Я ничего не ответил. Для чего? Она и сама видит, что мне хорошо. Чувствую, как от радости сияют глаза. И Люда улыбнулась, будто мы с ней давным-давно знакомы. Она прислушалась к завыванию ветра за стеной и погрустневшим голосом сказала:
— Каково сейчас нашим на передовой?..
— В такой буран хорошо за «языком» ходить, — я смутился, почувствовав бахвальство в своих словах.
— Приходилось? — с интересом спросила она.
— Приходилось. Я до первого ранения был в дивизионной разведке, — уже уклончиво ответил я и ничего не стал говорить о себе, хотя на моем счету было два стоящих «языка».
— А страшно в разведке?
— Первый раз, кроме интереса, мало что чувствуешь. Второй раз уже боязно. Потом постепенно привыкаешь.
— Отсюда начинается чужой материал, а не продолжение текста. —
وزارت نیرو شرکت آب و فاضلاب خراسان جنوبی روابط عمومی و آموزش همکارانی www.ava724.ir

— Я тоже, когда была на передовой, просилась в разведку. Не взяли.
Мы умолкли, подавленные воем бушующей вьюги. Немного погодя я спросил:
— Люда, а где ты училась?
Она подняла голову, тревожно посмотрела на меня, а затем ее потемневший взгляд уплыл куда-то далеко-далеко…
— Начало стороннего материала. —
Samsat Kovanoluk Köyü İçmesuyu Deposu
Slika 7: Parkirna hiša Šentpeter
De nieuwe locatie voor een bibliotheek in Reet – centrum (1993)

— Этой школы теперь нет, — с трудом выговорила девушка и, сдерживая слезы, прикусила губу. А потом справилась с волнением, вскинула на меня повлажневшие глаза и добавила: — И ничего нет: ни дома, ничего…
* * *
С нетерпением дожидался я Клементьевой! Боялся, как бы курортные страсти и дорога ее не доконали. Много ли надо семидесятилетней старушке: сорвет в поезде какой-нибудь хулиган стоп-кран, и случится с ней сердечный удар. О чем только не думалось!
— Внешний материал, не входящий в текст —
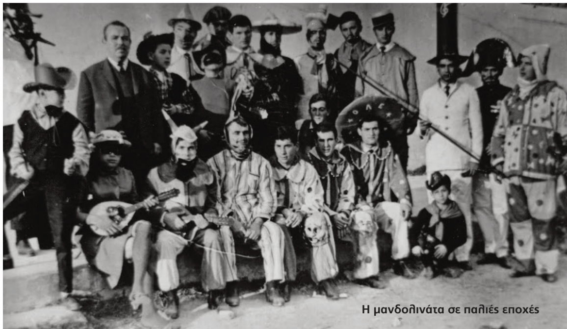
Η μανδολινάτα σε παλιές εποχές

Без малого через месяц дозвонился: приехала Мария Федоровна. Я бегом в министерство. Но оказалось, что к работе она еще не приступала: отдыхает после дороги. Дали адрес. Конечно, не очень удобно врываться в чужую квартиру по такому «служебному» делу, но я уже не мог себя остановить. Вот он, ее дом. Открыла мне сама Мария Федоровна, аккуратненькая, сухонькая старушка, Сообщил, волнуясь, как семнадцатилетний, зачем пожаловал, и показал фотоснимок. Мария Федоровна не спеша надела очки, и маленькие глазки ее за стеклами молодо заблестели:
— Как же, как же. Знаю я эту женщину, — обрадованно сказала она. — Достойная работница, примерная, заботливая.
— А как ее фамилия?
— Фамилия? Позвольте, позвольте. — Старушка заходила по своей маленькой комнате с фотографией в руках. — Кажется, Ведина. Или нет, нет… Вельдина. Точно — Вельдина.
— Вспомните получше, Мария Федоровна. Может быть, не Вельдина? — приставал я, на что-то еще надеясь.
— Нет, точно Вельдина. Моей младшей сестры внучка недавно замуж вышла. У ее мужа тоже фамилия Вельдин. Точно: Вельдина это.
«А что я убиваюсь, — вдруг сообразил я, — ведь фамилия Люды вряд ли осталась прежней? Не будет же она столько лет одна жить».
— А звать? Как зовут ее? Не Людмила?
— Вот имени не знаю.
— А где теперь она работает?
Старушка опять задумалась.
— Она работала… Она работала в Куликове… Или нет… нет. Не помню, как зовется село, а находится оно, точно помню, километрах в двадцати от Ковылкина. Знаете? Когда я в тех местах в командировке была, там каменный медпункт строили. Знаете, прекраснейший медпункт…
Огорченным уходил я от старушки. Почти месяц ждать ее, как заморскую гостью, и вот остаться ни с чем…
Расстроенный, возвращался я в редакцию, и студеный ветерок не мог охладить моего пылающего лица. Словно и не было этих двадцати лет, словно не было сотен командировок и тех бед и радостей, семейных забот, что выпали за эти годы на мою долю. Перед глазами стояло выхваченное колеблющимся мерцанием коптилки бледное лицо Люды. Ее рассказ, прерываемый стонами товарищей, вспоминался до мельчайших подробностей.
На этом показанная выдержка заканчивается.